What I love most about my mis-grown crops, is that they often times still produce a harvest. Or they volunteer the next year, or for many years after, and the project continues on whether or not I am there to follow through... For example, I grew a crop of turnip seeds in the 2010 growing season. During the 2011 growing season my turnip roots didn't survive the winter. However, the turnips are still volunteering in my garden every year. I haven't saved seed from them. I till them under each fall. They survive the winter, and re-sprout, and make seeds. So this fall, 6 growing seasons later, I finally collected a bunch of the roots, and put them into a root cellar for the winter. I'll try to grow a seed crop next summer.

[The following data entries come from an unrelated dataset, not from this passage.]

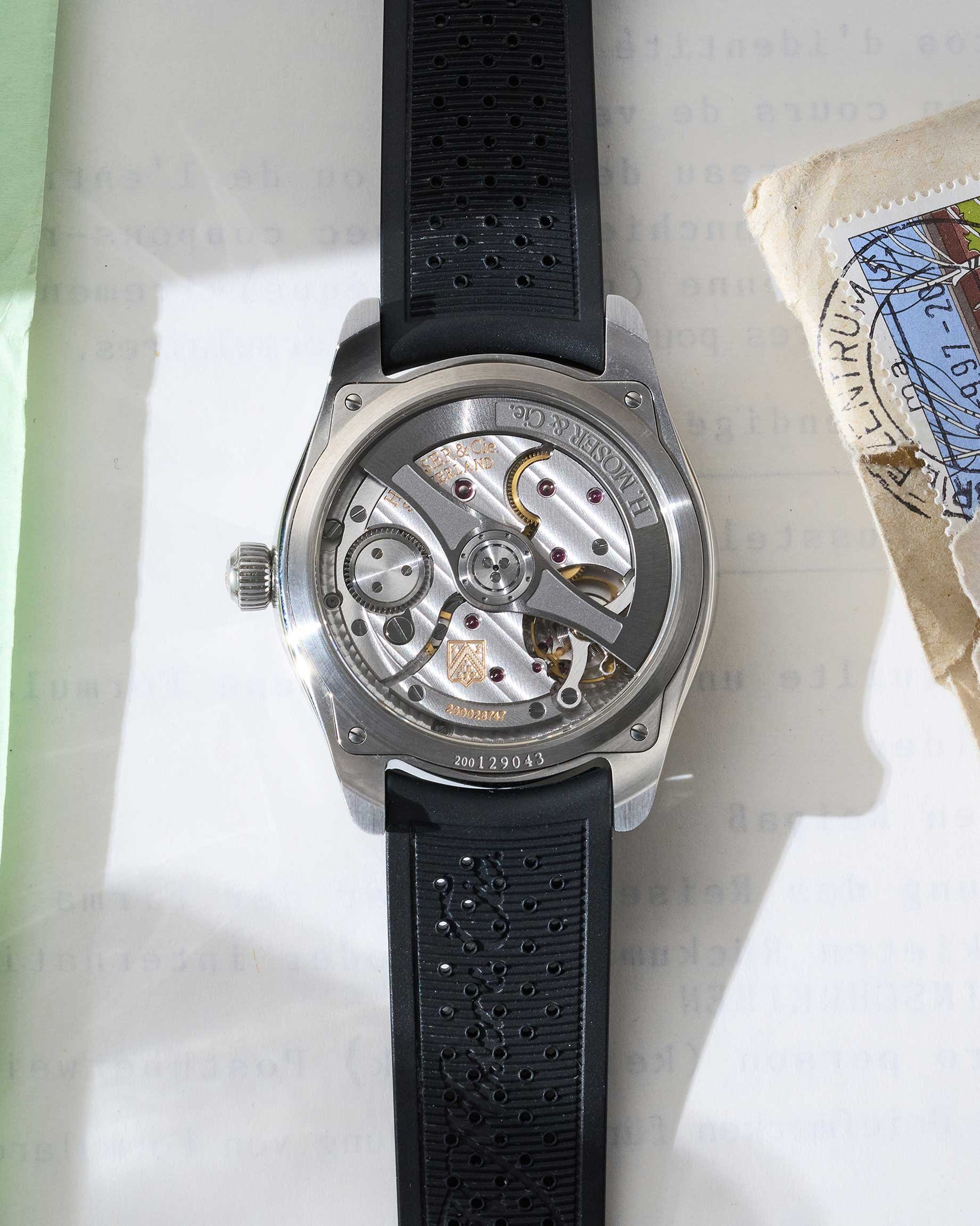 Im Inneren arbeitet das hauseigene Automatik-Manufakturkaliber HMC 200. Dieses Uhrwerk ist mit einer beidseitig aufziehenden Schwungmasse ausgestattet und bietet eine Gangreserve von ca. 72 Stunden. Die Verwendung einer hauseigenen Straumann-Doppelspirale sorgt für hohe Gangstabilität und Präzision. Durch den Saphirglasboden lässt sich das fein veredelte Werk mit seinen charakteristischen Brücken und Oberflächenbearbeitungen bewundern.
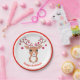 Veado de Natal bonito decorado com bolas vermelhas sobre fundo branco com placa de papel de quadro vermelho.
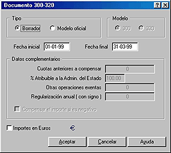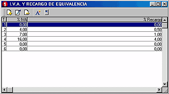 Posibilita el empleo de distintos porcentajes y la modificación de los mismos. Mediante esta opción podemos configurar los actuales valores del IVA en unas tablas, así como los porcentajes del recargo de equivalencia que pueden corresponder a cada uno.
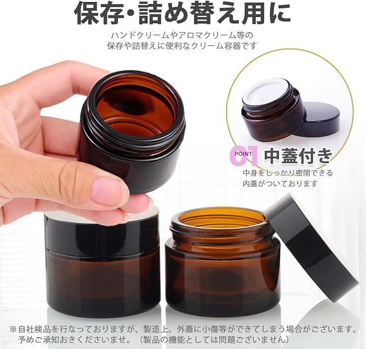クリーム容器 遮光瓶 ガラス製 ジャー 詰め替え 保存用 中蓋付き
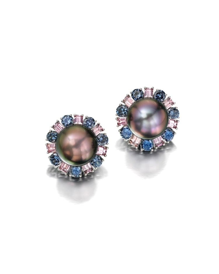 These earrings feature two lustrous Tahitian natural-color pearls, each measuring 13.9 x 13.6mm. The Tahitian pearls, known for their rich and varied hues, serve as the central focal points, exuding a natural and elegant beauty. Surrounding the Tahitian pearls are 14 brilliant round blue-violet garnets. Additionally, 14 emerald-cut Malaya Pink Garnets provide a complementary burst of warm, pink tones.

As another example, I was frequently loosing my carrots to weeds. I couldn't find the puny, slow-growing carrots among the fast growing weeds, so it was easier to till the whole thing under instead of weeding. Then I allowed a carrot crop to grow without weeding or thinning. Productivity was very low, but some carrots did thousands of times better than other carrots. So I grew seeds from the best growing. This year, I weeded and thinned the carrots. The tops were super-vigorous, and out-competed the weeds. Many of the plants were two feet tall, and super bushy to shade out weeds. I am thrilled that I can finally grow carrots without putting much effort into weeding.
This year, I didn't weed one of my bean crops. Some of the plants thrived. Those are the ones I will plant next year with minimal weeding.
Or I find traits that I never thought could exist... Like fava beans that re-sprout after harvest, and make a second seed crop...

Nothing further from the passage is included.